Collection entries

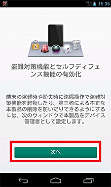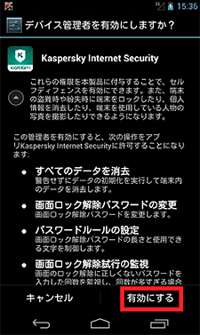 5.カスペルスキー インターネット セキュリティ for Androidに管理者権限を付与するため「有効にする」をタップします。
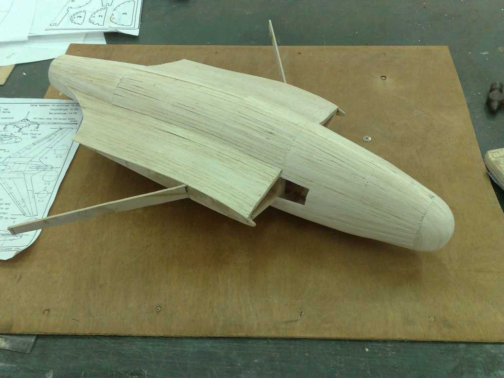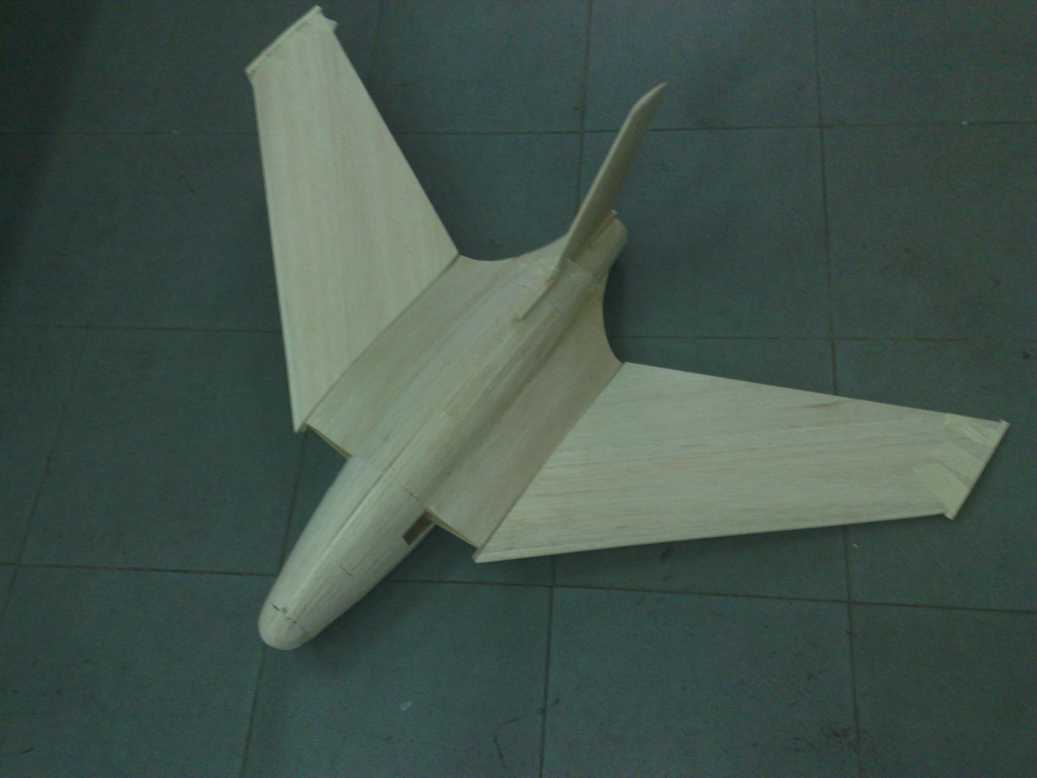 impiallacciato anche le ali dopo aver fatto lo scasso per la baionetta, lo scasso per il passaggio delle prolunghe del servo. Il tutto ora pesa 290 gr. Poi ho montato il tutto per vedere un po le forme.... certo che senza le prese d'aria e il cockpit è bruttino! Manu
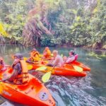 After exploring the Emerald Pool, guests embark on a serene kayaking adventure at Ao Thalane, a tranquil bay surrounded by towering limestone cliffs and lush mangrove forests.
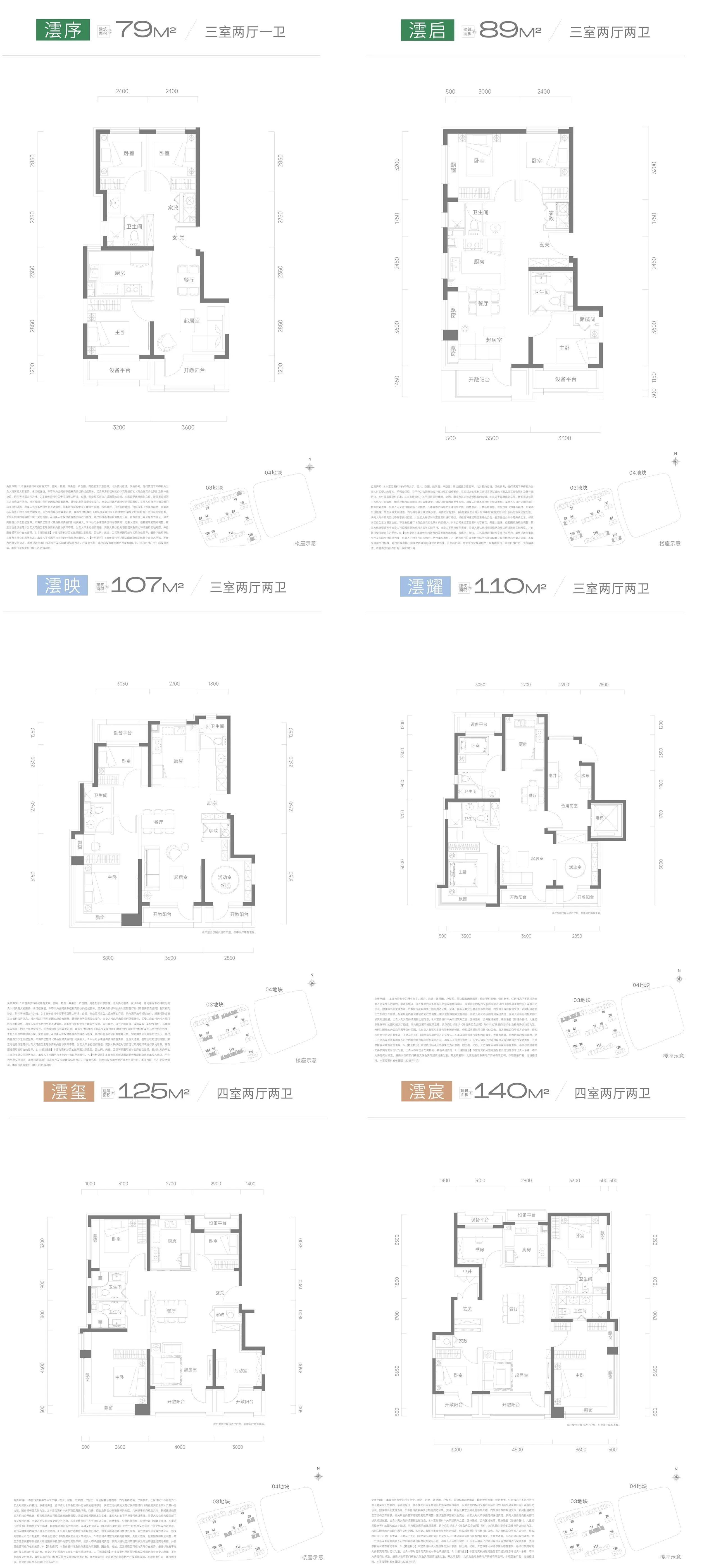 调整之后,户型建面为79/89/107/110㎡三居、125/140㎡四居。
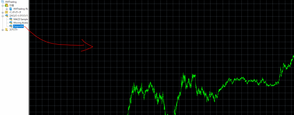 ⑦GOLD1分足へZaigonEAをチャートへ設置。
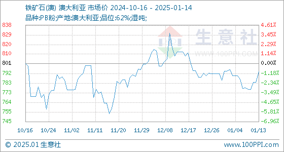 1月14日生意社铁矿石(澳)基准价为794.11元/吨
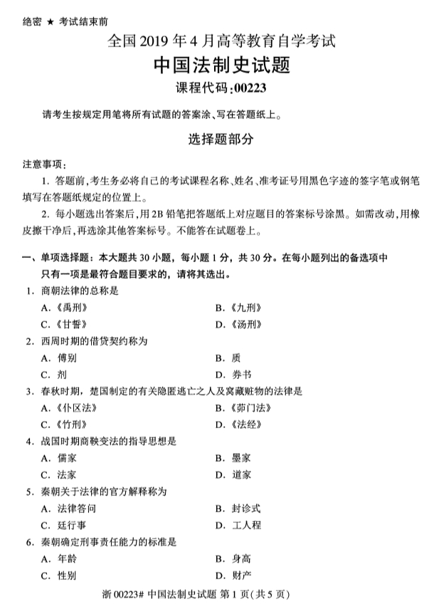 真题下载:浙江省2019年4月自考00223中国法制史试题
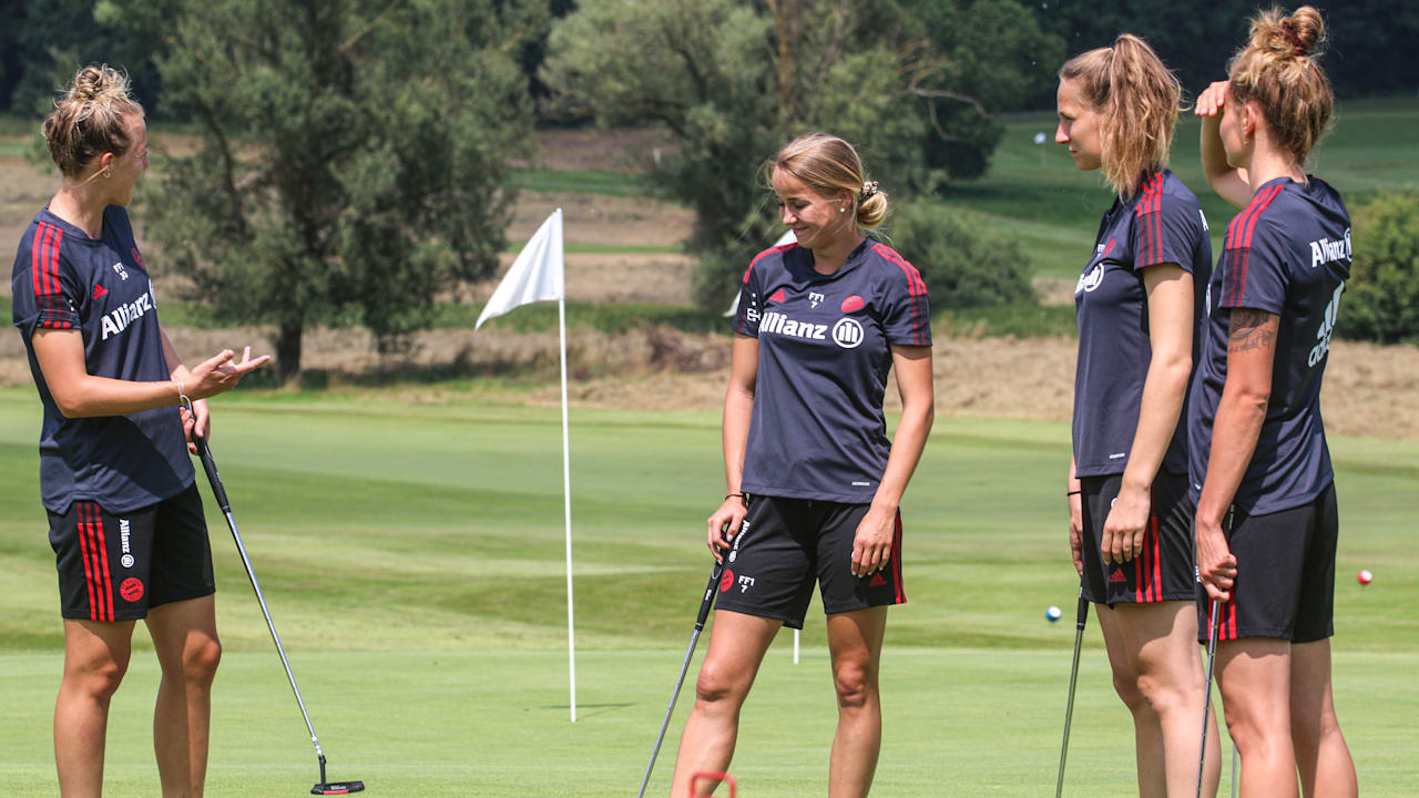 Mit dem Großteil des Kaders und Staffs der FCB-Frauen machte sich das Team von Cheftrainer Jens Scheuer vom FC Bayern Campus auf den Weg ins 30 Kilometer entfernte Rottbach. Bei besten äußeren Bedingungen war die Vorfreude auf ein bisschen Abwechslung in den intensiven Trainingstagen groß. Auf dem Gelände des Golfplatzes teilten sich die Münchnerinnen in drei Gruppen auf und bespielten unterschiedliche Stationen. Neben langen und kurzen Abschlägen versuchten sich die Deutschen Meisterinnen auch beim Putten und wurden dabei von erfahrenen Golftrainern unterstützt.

--

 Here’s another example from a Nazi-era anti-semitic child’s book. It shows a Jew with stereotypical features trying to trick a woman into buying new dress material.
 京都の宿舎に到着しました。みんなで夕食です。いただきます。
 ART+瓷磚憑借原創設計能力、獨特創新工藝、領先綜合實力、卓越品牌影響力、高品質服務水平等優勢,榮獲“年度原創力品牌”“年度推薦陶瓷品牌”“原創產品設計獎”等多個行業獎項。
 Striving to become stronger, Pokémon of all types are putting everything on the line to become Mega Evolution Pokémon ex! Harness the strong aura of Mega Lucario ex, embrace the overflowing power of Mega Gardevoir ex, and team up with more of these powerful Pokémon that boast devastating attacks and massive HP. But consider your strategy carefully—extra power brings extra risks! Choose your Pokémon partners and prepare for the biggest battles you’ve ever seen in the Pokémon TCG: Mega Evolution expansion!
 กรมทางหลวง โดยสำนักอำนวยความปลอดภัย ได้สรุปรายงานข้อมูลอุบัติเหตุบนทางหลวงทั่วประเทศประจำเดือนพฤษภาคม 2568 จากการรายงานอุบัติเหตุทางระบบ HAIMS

### Task to complete
Set down again, word for word, every line from the one with "5.カスペルスキー インターネット セキュリティ" to the one with "Mit dem Großteil" in the entries above, and omit the pictures.

### Answer for this exercise
 5.カスペルスキー インターネット セキュリティ for Androidに管理者権限を付与するため「有効にする」をタップします。
 impiallacciato anche le ali dopo aver fatto lo scasso per la baionetta, lo scasso per il passaggio delle prolunghe del servo. Il tutto ora pesa 290 gr. Poi ho montato il tutto per vedere un po le forme.... certo che senza le prese d'aria e il cockpit è bruttino! Manu
 After exploring the Emerald Pool, guests embark on a serene kayaking adventure at Ao Thalane, a tranquil bay surrounded by towering limestone cliffs and lush mangrove forests.
 调整之后,户型建面为79/89/107/110㎡三居、125/140㎡四居。
 ⑦GOLD1分足へZaigonEAをチャートへ設置。
 1月14日生意社铁矿石(澳)基准价为794.11元/吨
 真题下载:浙江省2019年4月自考00223中国法制史试题
 Mit dem Großteil des Kaders und Staffs der FCB-Frauen machte sich das Team von Cheftrainer Jens Scheuer vom FC Bayern Campus auf den Weg ins 30 Kilometer entfernte Rottbach. Bei besten äußeren Bedingungen war die Vorfreude auf ein bisschen Abwechslung in den intensiven Trainingstagen groß. Auf dem Gelände des Golfplatzes teilten sich die Münchnerinnen in drei Gruppen auf und bespielten unterschiedliche Stationen. Neben langen und kurzen Abschlägen versuchten sich die Deutschen Meisterinnen auch beim Putten und wurden dabei von erfahrenen Golftrainern unterstützt.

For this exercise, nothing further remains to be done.